The title of this article invites you to become your own best friend, so if someone you love came to you with their feelings and emotions, what would you say or do to help them feel better?  Think of your self-care strategy as an “emotional toolbox,” where you can address different emotions and needs in the appropriate way to help process them. Here are a few ideas to get you started, but also be thinking of your own emotional challenges and how to meet them appropriately.

MY EMOTIONAL TOOLBOX

When I feel….                I do this….

Stressed/Anxious          Take a brisk walk or practice yoga

Angry                           Vent to a trusted friend or discuss in counseling

Depressed/sad              Pray, meditate, read scripture or inspirational book

Exhausted                     Soak in the bathtub, light candles, listen to relaxing music

Bored                           Engage in a hobby – it crafting, scrapbooking, puzzles, etc.

Lonely                          Call or text someone (think of a loved one who might also feel alone)

Overwhelmed               Write in a journal, read scripture or a spiritual book.

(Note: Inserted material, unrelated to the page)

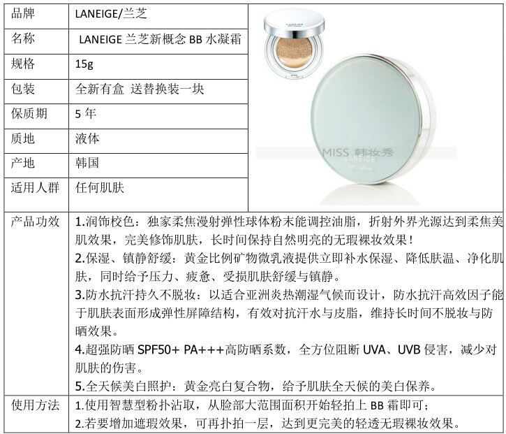兰芝限量气垫BB

Excited/Happy              Treat yourself to some pampering – ie facial, manicure, etc.

Develop the habit of self-care by incorporating it into other things you do daily. For instance, if you’re commuting to work daily, you could take that time to listen to a podcast, a favorite play list or an audio book.  Be mindful that this is YOUR time, so challenge the urge to make or take calls during this time.  If you work from home, put your self-care time on your schedule and tell your team and family of your intentions. For example, if you go to an exercise class on the same day each week, make sure that your time doesn’t get double-booked.  Again, if you don’t establish this boundary, it will become the norm in your life for your needs to remain unmet consistently.  In the beginning, it may feel uncomfortable and selfish to spend your time and effort on you instead of something else.  Be committed to the idea that your needs are important, your best self is crucial, and your wellness should be not only your priority but also to those who truly care about you.